Was Napoleon III's elected as President of France based more on his political platform/ability or more on his uncle's name and legacy?

by Calgore87

If the former, what exactly did he do to win the election, who were his biggest opponents and what did they base their campaign on?

Talleyrayand

It wasn't exactly one or the other; both the celebrity of his uncle and his promises to guard France against revolutionary "Reds" certainly helped Bonaparte win the presidency in 1848.

Edward Berenson has a great essay about the Second Republic and the Election of 1848 in The French Republic: History, Values, Debates (2011). One of the things that Berenson points out is that at the time, nobody within the assembly - itself predominantly moderate - thought Louis-Napoleon Bonaparte had a chance of winning. Everyone assumed that Louis-Eugène Cavaignac, who was a more republican leaning candidate, would win in a landslide. Bonaparte won over Cavignac by a difference of nearly 5.5 million to 1.4 million votes, with other candidates (Lamartine and Ledru-Rollin were the only other viable ones) not even coming close to those numbers.

Historians have typically explained this upset by pointing out that Bonaparte benefitted from the support of two important voting blocks: monarchists and the peasantry. Many right-wing voters decided to vote for Bonaparte to ensure order in the midst of the early chaos in the Revolution, and the rural peasantry did the same, thinking that Bonaparte would be the best option to instill order and wishing to vote against local notables who supported Cavignac. Karl Marx comments on this in his famous work "The 18th Brumaire and Louis Bonaparte" where he chastizes both the French peasantry for voting against their economic interests and elites for throwing away their liberties to secure their private property. It's a bit of a joke among French historians that the gist of that work is, "The stupid peasants don't know what's good for them!" It also didn't help, though, that throughout the early 19th century in France Bonapartism and Republicanism were often thought of as historically interconnected. For many peasants, the liberals in the assembly didn't represent the tradition of the Republic, or they represented its worst aspects (the Terror). A Bonaparte, however, did, at least in cultural memory.

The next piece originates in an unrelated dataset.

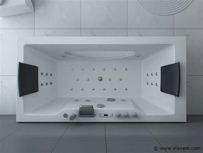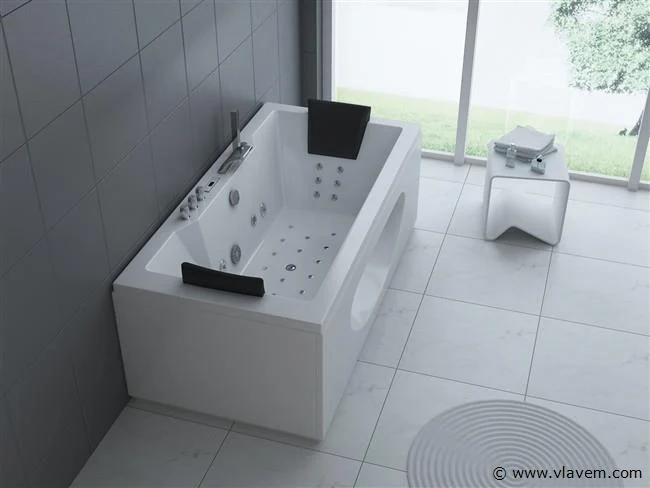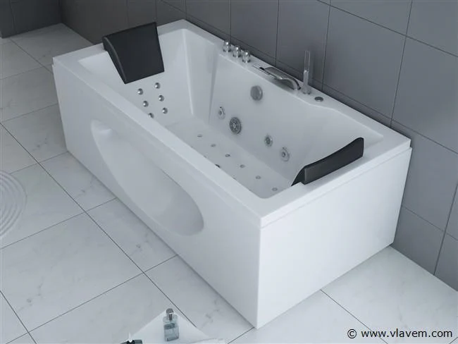 Aantal: 1 Merk: Vonato Productnaam: Massagebad Type: MT-RT1804NEW Model: Half vrijstaand Afmeting: 1800x900x560mm Kleur: Hoogglans wit Waterjets: 4 Grote- en 12 kleine waterjets - 16 Airbubble jets Voorzien van: Gegalvaniseerd stalen frame - Waterpomp (0,74 kW) - Luchtpomp (0,25 kW) - Heater (1,5 kW) - Control Panel - Thermostatische kraan - Handdouche - Watercirculatie - Onderwater LED-verlichting (2 stuks) - 2 Hoofdkussens - Ozone generator. Conditie: Nieuw Ter waarde van: € 5.195,00

One aspect that's often overlooked, however, was that Bonaparte also had some support from the industrial working class because he had espoused some socialist economic views in earlier days (he proceeded to implement none of them during both his presidency and the empire). Typically, though, the focus has been on the peasants' support of Bonaparte and their importance in bringing about the Second Empire, even though they would tend to support left-wing candidates in the future. Part of this has been because Marxist historians have paid particularly close attention to the interplay between rural peasantries and urban working classes in history. New scholarship has viewed the Second Republic not so much as a "failure," but as an important historical event that set many democratic and political precedents for the Third Republic.